The question therefore has to be asked: Is the AFP really up to the task? Are they the right folks to be at the forefront of these expeditionary sorties, or should they be the preserve of the military?
As former diplomat Bruce Haigh said on SBS TV’s Insight on 24 May 2005:
There’s nobody looks at the Australian Federal Police. There is no parliamentary body looking at the operations of the Australian Federal Police … My concern is, and it should be the Attorney-General’s concern, that the Australian Federal Police are actually out of control, they’re being used as fixers and they’ve been used as paratroops, they’ve had them in the Solomons, we’ve got them in New Guinea, they’re extensions of our diplomacy, we are going down a path with the Australian Federal Police which is very, very dangerous for this democracy....
If the path we are taking is dangerous for our own vibrant and healthy democracy, just how dangerous might it be for ‘busted arse, fragile democracies’ such as the Solomon Islands?
And whoever else that might be next on the list.
About the author
Mike Wheatley is a Solomon Islander by birth and an Australian citizen for over 30 years.
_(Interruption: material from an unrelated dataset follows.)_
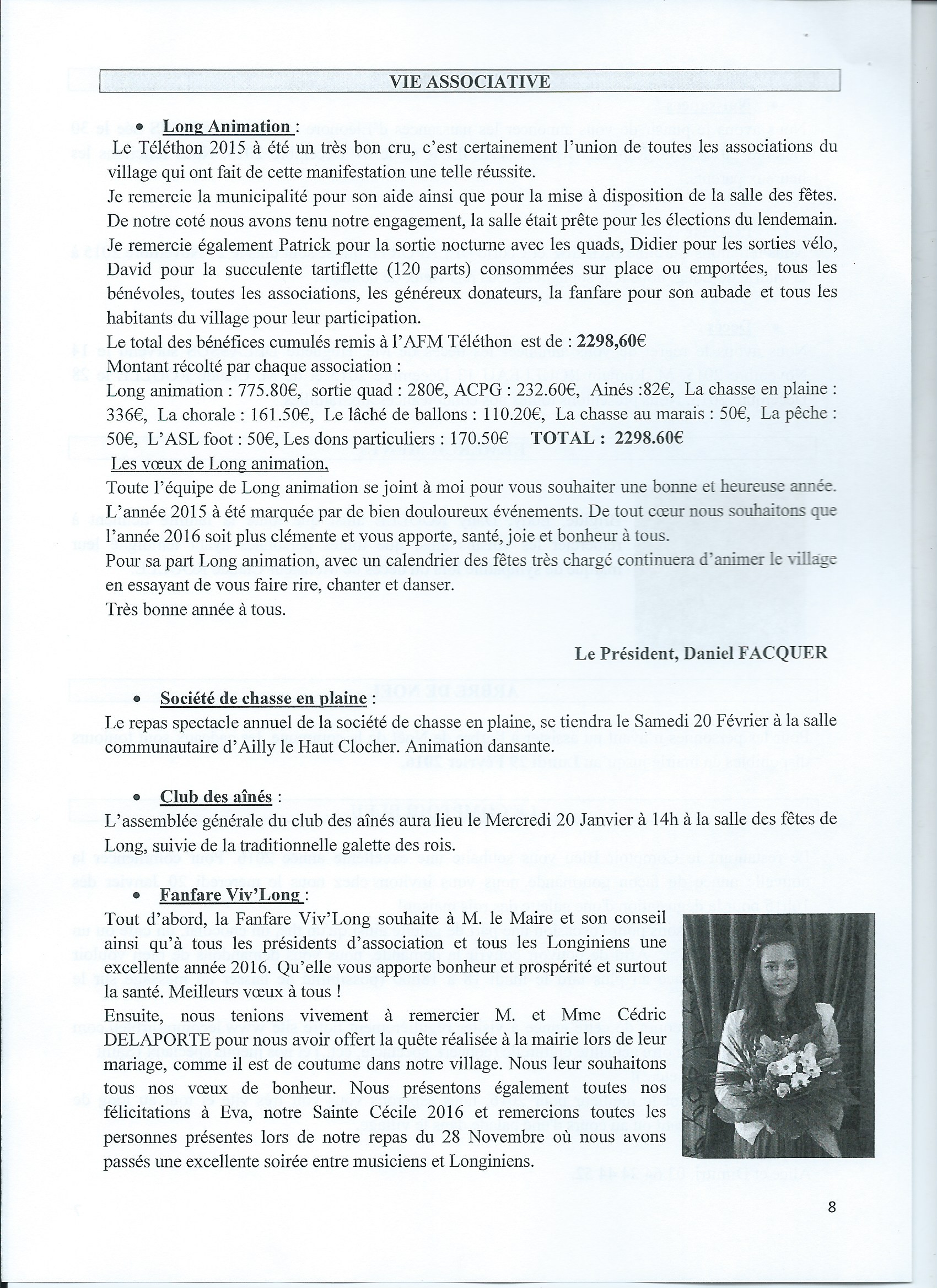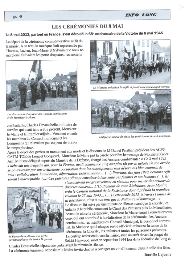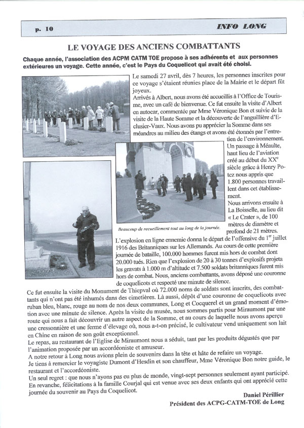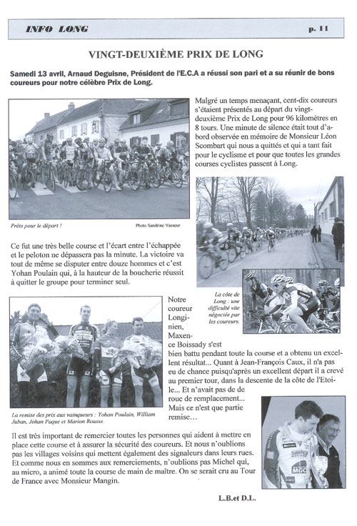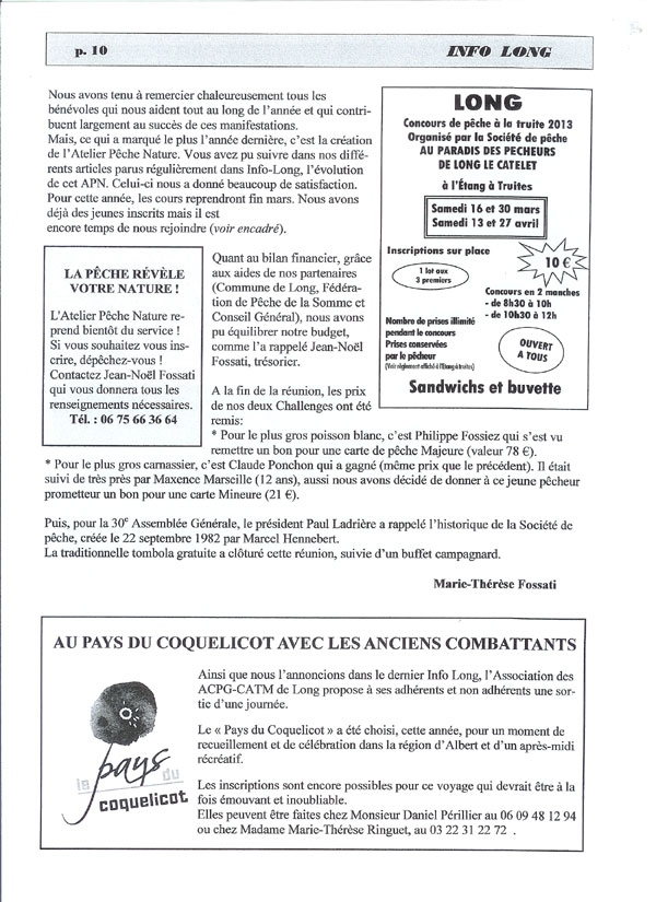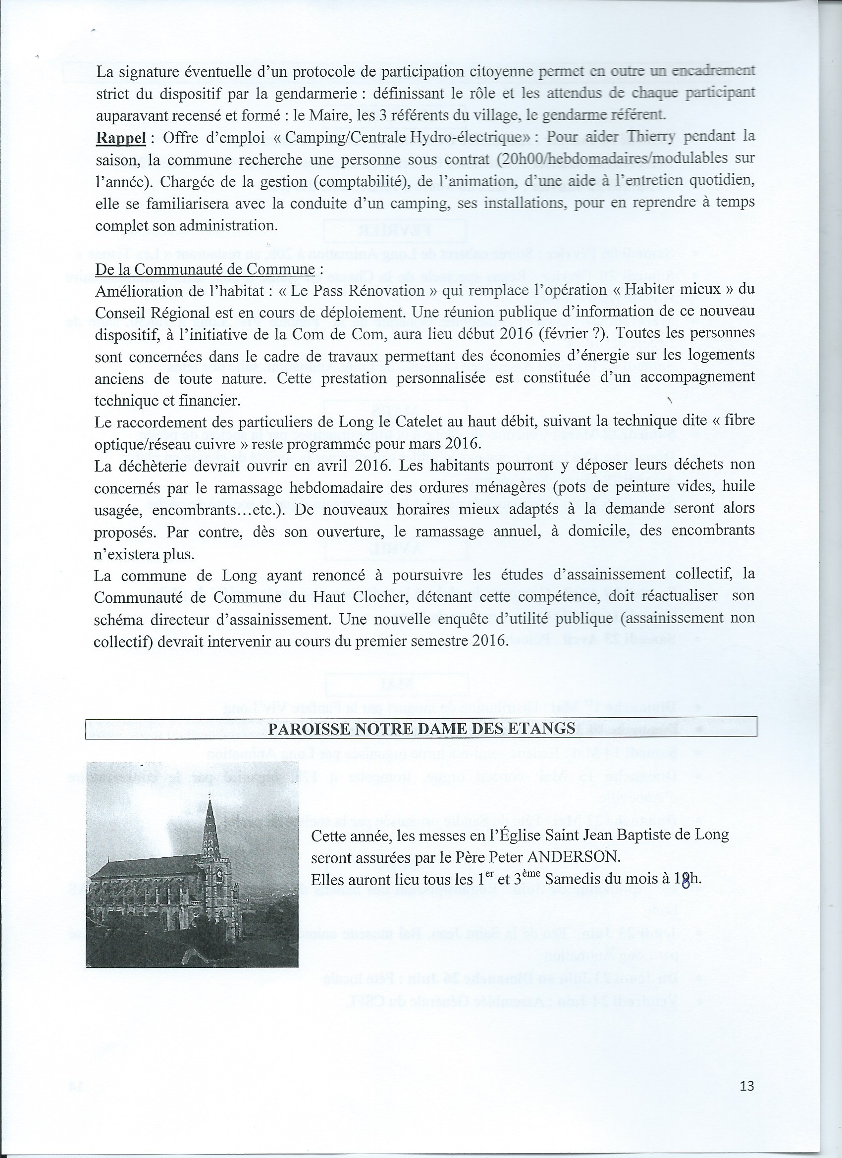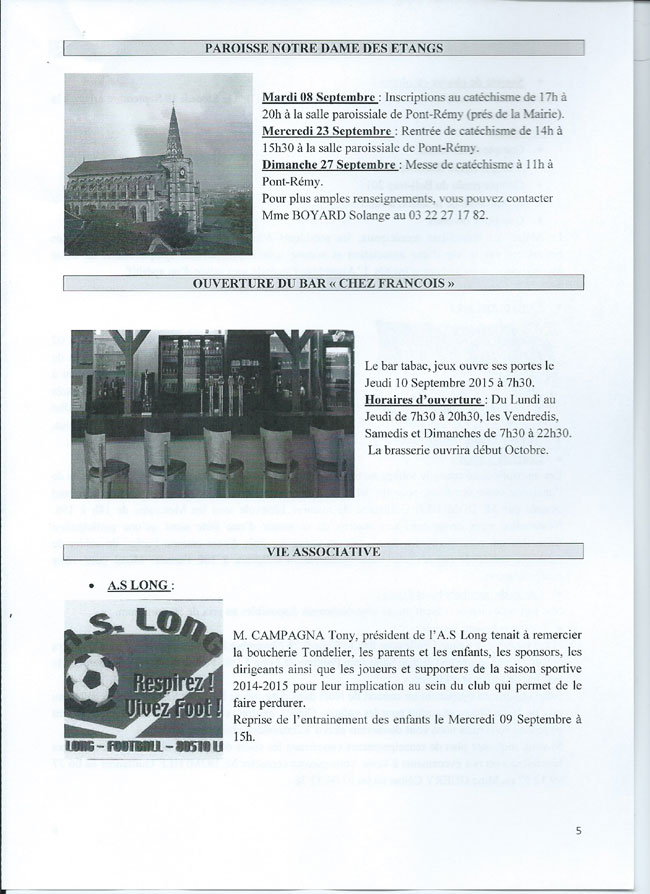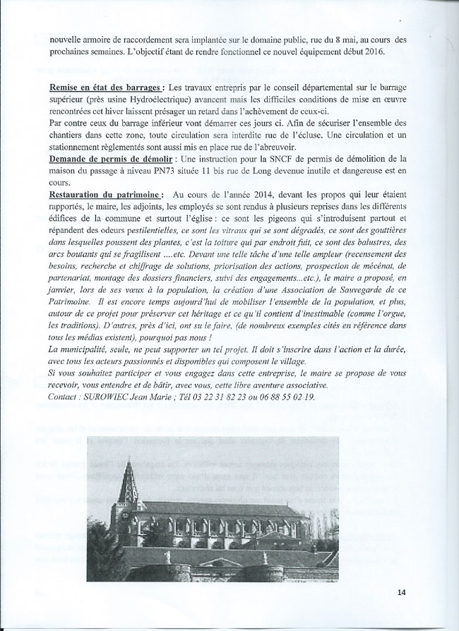 Tout d’abord, le dimanche 7 juin, le F.C. Long organisait son traditionnel tournoi, remettant en jeu le challenge Marcel Papin. Une fois de plus, il a connu un vif succès, bien que se déroulaient le même jour, les élections européennes et les communions solennelles et malgré un orage qui a un peu contrarié la fête, en fin de journée. La réussite de cette journée a été tant sur le plan sportif que sur celui de la convivialité. Je félicite les dirigeants du club et à leur tête, le Président, ainsi que tous les bénévoles, pour la bonne organisation de ce tournoi et surtout pour le maintien du souvenir et de la tradition… Et puisque l’occasion m’est donnée, je salue le club dans son ensemble, pour l’excellente saison réalisée, chez les petits comme chez les grands, avec, bien sûr, une mention particulière, pour la montée en quatrième division. Cette montée entraîne quelques aménagements, au niveau du terrain ; la commune sera aux côtés du club, pour qu’ils soient réalisés dans les meilleurs délais. Juin, c’est aussi le moment de la fête locale. Les manèges, loteries, tirs, autos tamponneuses ou autos scooters comme disent certains, ont, pendant trois jours, animé le cœur du village. Un grand merci aux majorettes (les Hirondelles), à la fanfare Viv’Long et au Club des jeunes pour l’animation proposée, le dimanche après midi, ce qui a permis de réunir un grand nombre de Longiniens sur la place de la mairie et de perpétuer l’esprit de cette fête locale… Dommage qu’il y ait eu quelques débordements. Et puis, nous avons vécu une « Saint Jean Baptiste » exceptionnelle, avec une très belle cérémonie religieuse dédiée à la lumière, animée par la chorale de Long au grand complet et par Geoffrey Chesnier à l’orgue, suivie d’une procession où les jeunes ont tenu une place importante, encadrés par les membres de la paroisse et accompagnés par Monsieur l’Abbé, les élus, la fanfare et les porteurs de flambeaux. Après que Monsieur l’Abbé ait béni le feu, le bûcher s’embrasa très vite (il est vrai que nous traversons une période de sécheresse et le bois était particulièrement bien sec). Une immense flamme est montée vers le ciel, caractérisant à merveille notre feu de Saint Jean et dégageant une intense chaleur… Le public, particulièrement nombreux, était comblé, même si, côté rue du Château, il a dû s’éloigner à cause des flammèches… Le service de sécurité veillait et tout s’est bien terminé… Nous avons eu, une fois encore, les honneurs de la télévision (France 3 et TF1) et bien sûr de la presse locale, qui a bien couvert l’évènement… Là aussi, au nom de toute la Municipalité, un grand merci à toutes celles et tous ceux qui se sont investis, dans la préparation du bûcher, dans sa surveillance, dans la préparation des cérémonies et dans leurs animations, dans la sécurité, dans la communication, pour que cet évènement soit à la hauteur de sa réputation. Ce fût le cas, bravo à tous. Pour en terminer avec les manifestations, je souhaite féliciter les enfants de l’école primaire de Long qui, sous l’égide de leurs enseignants, nous ont concoctés une superbe fête des écoles qui avait pour thème « les voyageurs du monde ». Il y avait beaucoup de spontanéité et d’authenticité dans ce spectacle, et nous avons vraiment passé un bon moment… Maintenant, place aux vacances ! Avec le beau temps, malgré une conjoncture économique toujours aussi difficile, les choses ne semblent pas trop mal se présenter. Avril, mai et juin ont plutôt été bons sur le plan de la fréquentation, même si l’on note une baisse du côté du château. Les équipements d’accueil sont pratiquement prêts pour la haute saison touristique ; souhaitons qu’elle soit bonne, que les estivants soient le plus nombreux possible et que tous les évènements locaux qui vont être organisés tout au long de cette période estivale rencontrent le plein succès.

He was Solomon Islands Assistant Commissioner (National Reconnaissance and Surveillance) from 1995 until after the coup in 2000. As such he was in command of the armed constabulary component of the Royal Solomon Islands Police (RSIP).
He served in the Australian Regular Army, retiring as an infantry Major after 22 years service. In the 1980s he served in Uganda and he later established a reconnaissance and surveillance unit in northern Cape York and the Torres Strait islands composed almost entirely of indigenous soldiers.